EXPLAIN analyze SELECT * FROM test WHERE v @> '{"i":42}';
                                                      QUERY PLAN                                                      
----------------------------------------------------------------------------------------------------------------------
 Bitmap Heap Scan ON test  (cost=28.77..319.23 ROWS=100 width=42) (actual TIME=1.132..1.707 ROWS=103 loops=1)
   Recheck Cond: (v @> '{"i": 42}'::jsonb)
   Heap Blocks: exact=99
   ->  Bitmap INDEX Scan ON whatever  (cost=0.00..28.75 ROWS=100 width=0) (actual TIME=1.089..1.089 ROWS=103 loops=1)
         INDEX Cond: (v @> '{"i": 42}'::jsonb)
 Planning TIME: 0.482 ms
 Total runtime: 1.783 ms
(7 ROWS)

Or even:

EXPLAIN analyze SELECT * FROM test WHERE v @> '{"i":42, "r":1}';
                                                     QUERY PLAN                                                     
--------------------------------------------------------------------------------------------------------------------
 Bitmap Heap Scan ON test  (cost=52.77..343.23 ROWS=100 width=42) (actual TIME=1.171..1.191 ROWS=3 loops=1)
   Recheck Cond: (v @> '{"i": 42, "r": 1}'::jsonb)
   Heap Blocks: exact=3
   ->  Bitmap INDEX Scan ON whatever  (cost=0.00..52.75 ROWS=100 width=0) (actual TIME=1.143..1.143 ROWS=3 loops=1)
         INDEX Cond: (v @> '{"i": 42, "r": 1}'::jsonb)
 Planning TIME: 0.530 ms
 Total runtime: 1.256 ms
(7 ROWS)

Now, that's really cool.

Unfortunately you can't use the indexes to search “deep". What does it mean?

Let's assume you have JSON value like:

{"a": [1,2,3,4]}

You can index it, and search for " value ? ‘a' “, or " value @> ‘{“a":[1,2,3,4]}', but you can't search (using index) for “rows, which have 3 in the array that is under key “a" in the json".

Of course – you can work around it by creating index on ((value -> ‘a')) if that's what you really need.

Anyway – I really like it.
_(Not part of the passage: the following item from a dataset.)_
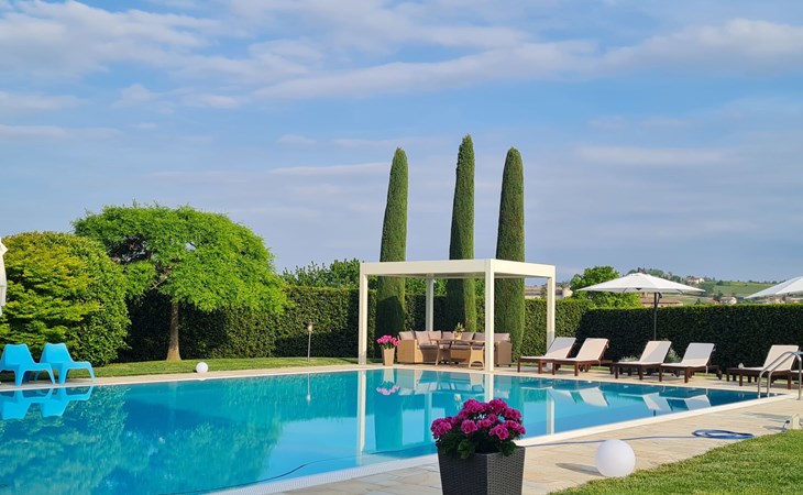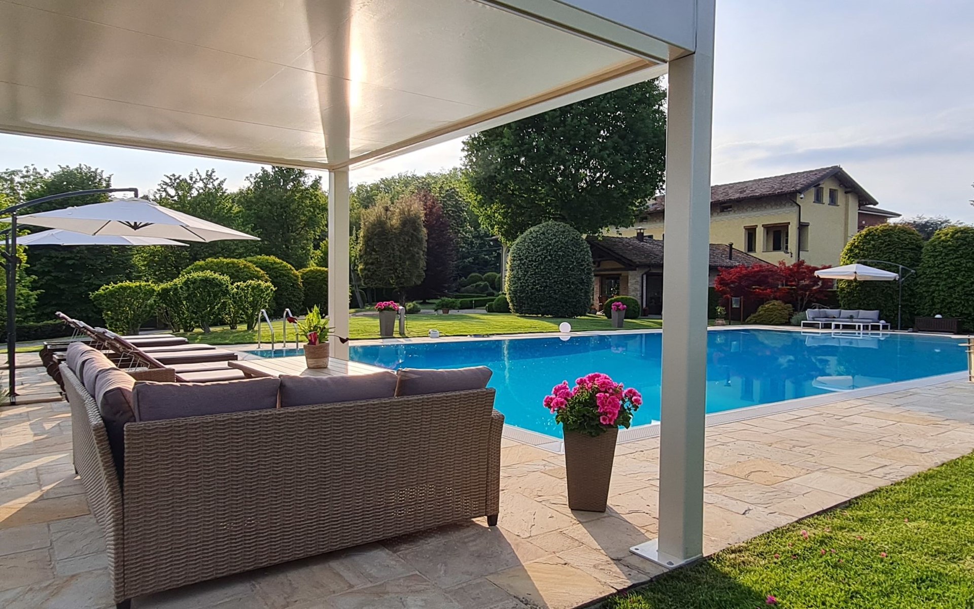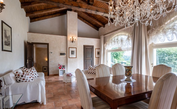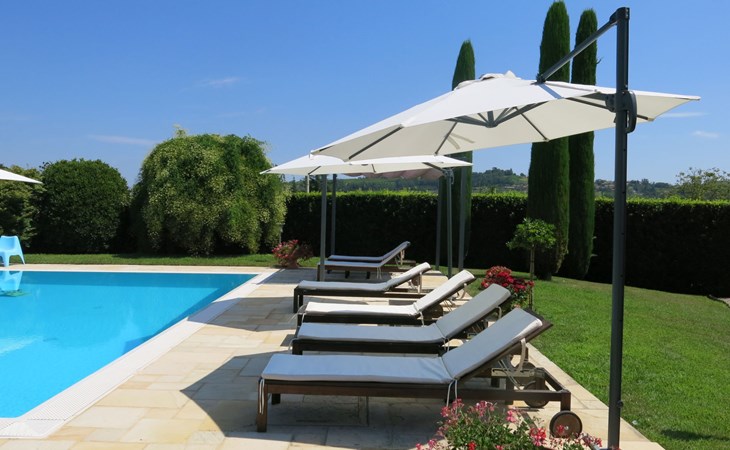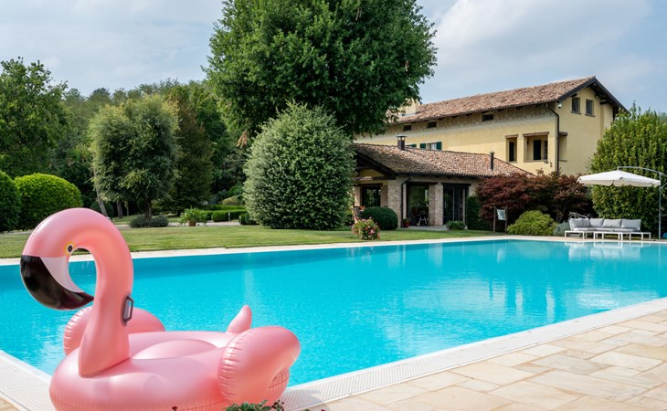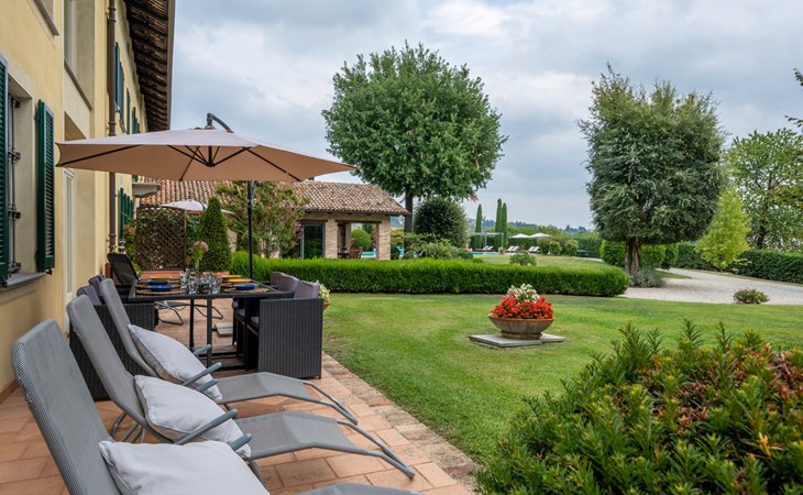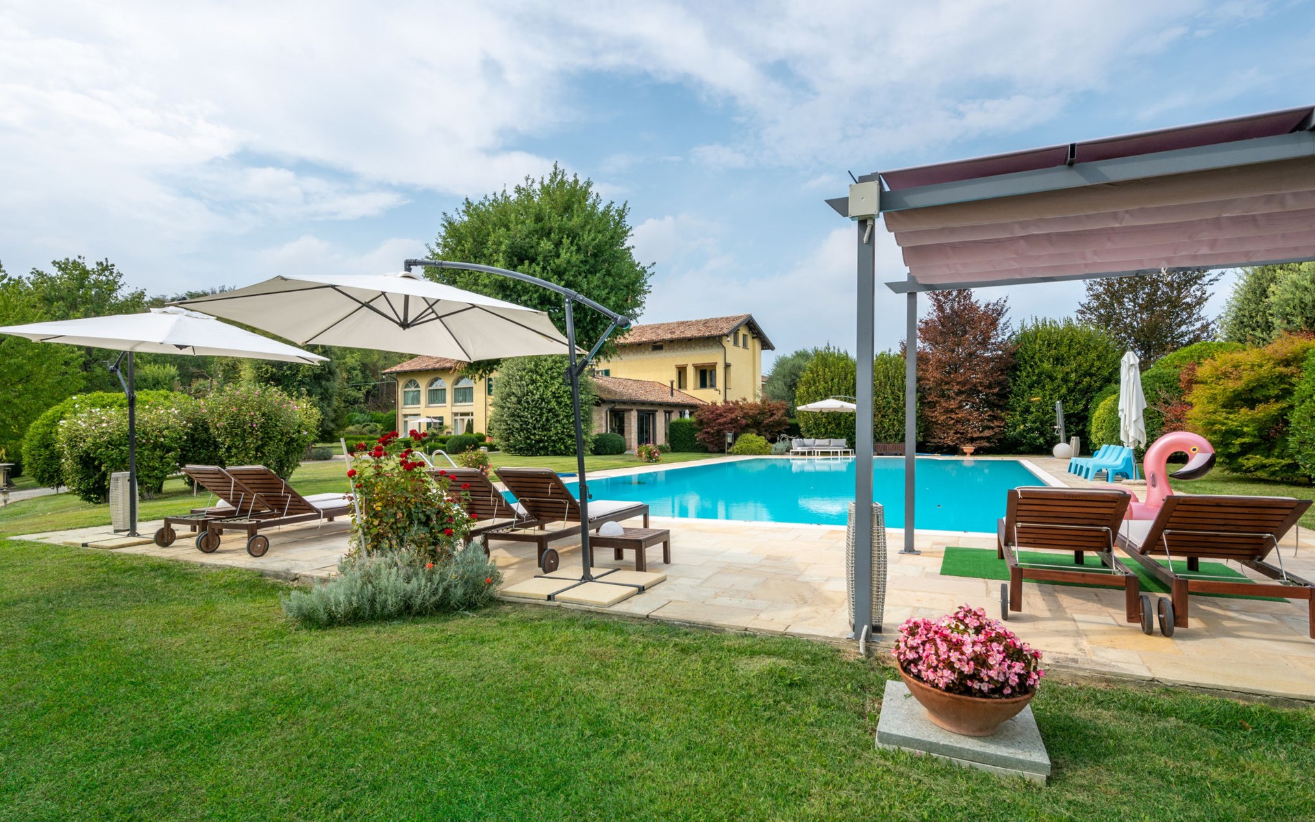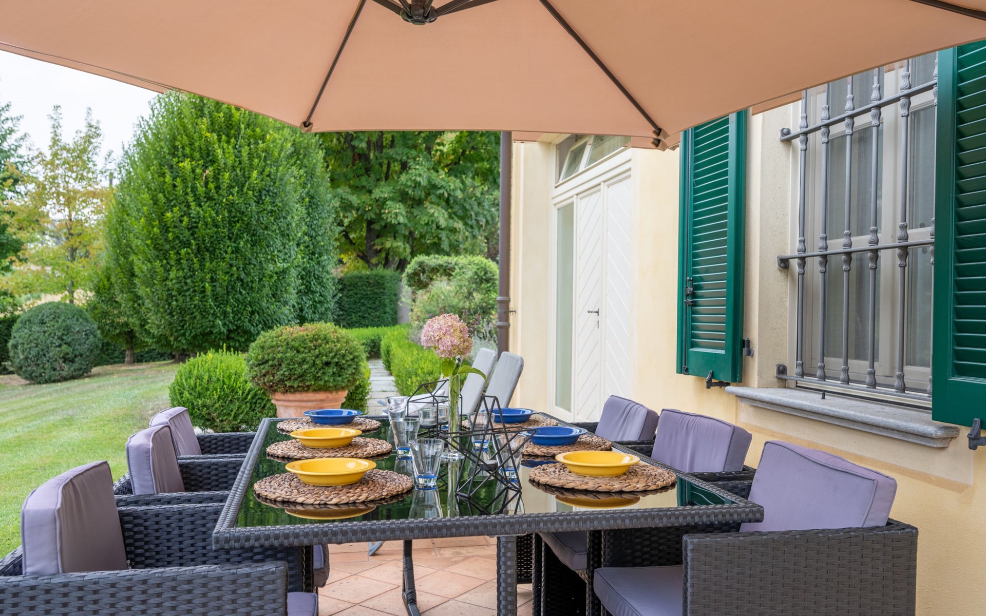 Sehr komfortables Landhaus "Villa Carlotta", auf 3 Stockwerken, einseitig angebaut. 1.4 km vom Zentrum von Costigliole d'Asti, am Ortsrand, 15 km vom Zentrum von Asti, 20 km vom Zentrum von Alba, alleinstehende, sonnige, erhöhte Lage. Zur Mitbenutzung: Grundstück 7'000 m2 (eingezäunt), gepflegter Garten mit Rasen und Bäumen. Zur Alleinbenutzung: Schwimmbad (18 x 9 m, 110 - 220 cm tief, saisonale Verfügbarkeit: 05.Apr. - 15.Okt.) mit Salzelektrolyse-Reinigungssystem. Aussendusche, Poolpflege durch den Besitzer/Gärtner. Im Hause: Fitnessraum. Parkplatz beim Haus auf dem Grundstück. Supermarkt 700 m, Bushaltestelle 3.5 km, Bahnstation "Asti" 15 km. Besitzer wohnt in separatem Hausteil.

It seems to work nicely, and I hope to get more features in there in the future.

Thanks guys.

8 thoughts on “Waiting for 9.4 – Introduce jsonb, a structured format for storing json.”
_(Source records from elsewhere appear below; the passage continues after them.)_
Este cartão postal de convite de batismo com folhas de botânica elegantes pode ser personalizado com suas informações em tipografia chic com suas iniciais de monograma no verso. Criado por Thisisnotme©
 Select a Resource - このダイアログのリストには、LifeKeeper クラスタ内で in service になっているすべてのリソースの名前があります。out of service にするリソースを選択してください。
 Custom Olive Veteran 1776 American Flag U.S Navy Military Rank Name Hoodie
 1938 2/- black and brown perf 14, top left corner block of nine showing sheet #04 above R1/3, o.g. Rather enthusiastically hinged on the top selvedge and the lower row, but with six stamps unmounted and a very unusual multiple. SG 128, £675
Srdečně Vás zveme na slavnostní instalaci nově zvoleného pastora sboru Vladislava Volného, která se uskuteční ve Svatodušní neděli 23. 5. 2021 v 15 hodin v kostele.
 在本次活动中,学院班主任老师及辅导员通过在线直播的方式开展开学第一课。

  1. “You can index it, and search for ” value ? ‘a’ “, or ” value @> ‘{“a”:[1,2,3,4]}’, but you can’t search for “rows, which have 3 in the array that is under key “a” in the json”.”

    Actually, yes, you can, and if containment is tested the query may use a non-expression index:

    [local]/postgres=# create table w as select ‘{“a”: [1,2,3,4]}’::jsonb t;
    SELECT 1
    [local]/postgres=# select * from w where t @> ‘{“a”:[3]}’;
    t
    ———————
    {“a”: [1, 2, 3, 4]}
    (1 row)

    What’s really cool about the jsonb_hash_ops opclass is that it allows for really flexible and effective indexing when the jsonb column is directly indexed, without ending up with gigantic index.

  2. @Peter:
    I meant that you can’t search using the index. Corrected. Searching without usage of index is of course possible.
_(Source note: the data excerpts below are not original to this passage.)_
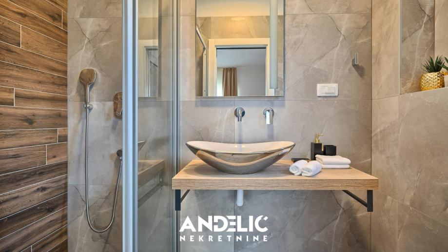 Stanu pripada dva parking mjesta te 87 M2 krovne terase, stan dijeli zajednički vanjski prostor sa bazenom 9 M x 4 M, tušom, ležaljkama.
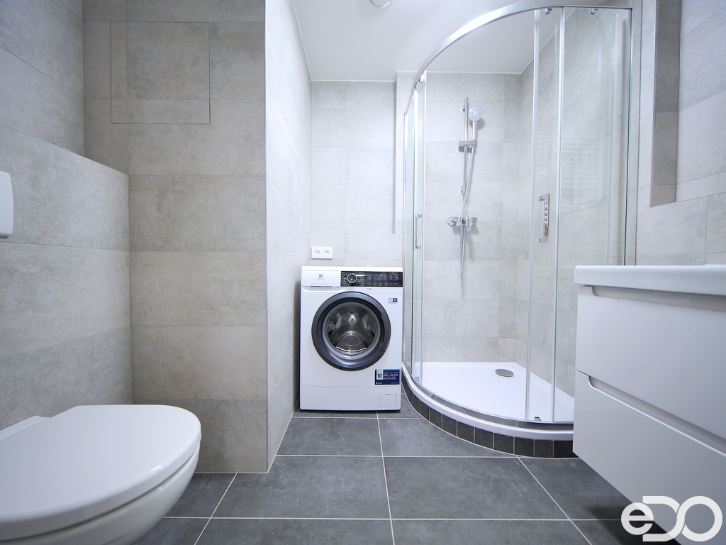 K dispozici je kuchyňská linka včetně vestavěných spotřebičů a pračka, jinak je byt nezařízený. Součástí pronájmu je i sklepní kóje.
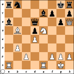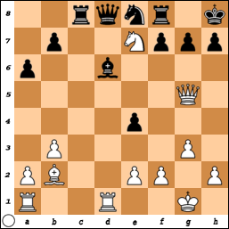 rn4kr/4bp1p/b2q2pQ/1B1pN3/3P4/1P6/2P2PPP/R3R1K1 w - - 1 0
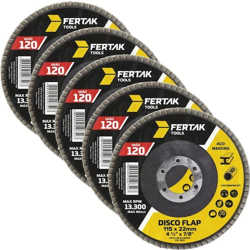 Diâmetro: 115mm Grão: 120 Material: Lixa abrasiva de alta performance. Compatibilidade: Uso com esmerilhadeiras e lixadeiras angulares. Aplicações: Lixamento, desbaste e acabamento em metais, madeiras e superfícies diversas.

  3. Such queries can use an index:

    [local]/postgres=# \d+ w
    Table “public.w”
    Column | Type | Modifiers | Storage | Stats target | Description
    ——–+——-+———–+———-+————–+————-
    t | jsonb | | extended | |
    Indexes:
    “ff” gin (t jsonb_hash_ops)
    Has OIDs: no

    [local]/postgres=# explain analyze select * from w where t @> ‘{“a”:[1]}’;
    QUERY PLAN
    ———————————————————————————————————–
    Bitmap Heap Scan on w (cost=8.00..12.01 rows=1 width=32) (actual time=0.053..0.056 rows=1 loops=1)
    Recheck Cond: (t @> ‘{“a”: [1]}’::jsonb)
    Heap Blocks: exact=1
    -> Bitmap Index Scan on ff (cost=0.00..8.00 rows=1 width=0) (actual time=0.027..0.027 rows=1 loops=1)
    Index Cond: (t @> ‘{“a”: [1]}’::jsonb)
    Planning time: 0.162 ms
    Total runtime: 0.124 ms
    (7 rows)

  4. I understand your confusion. Perhaps that could stand to be clearer.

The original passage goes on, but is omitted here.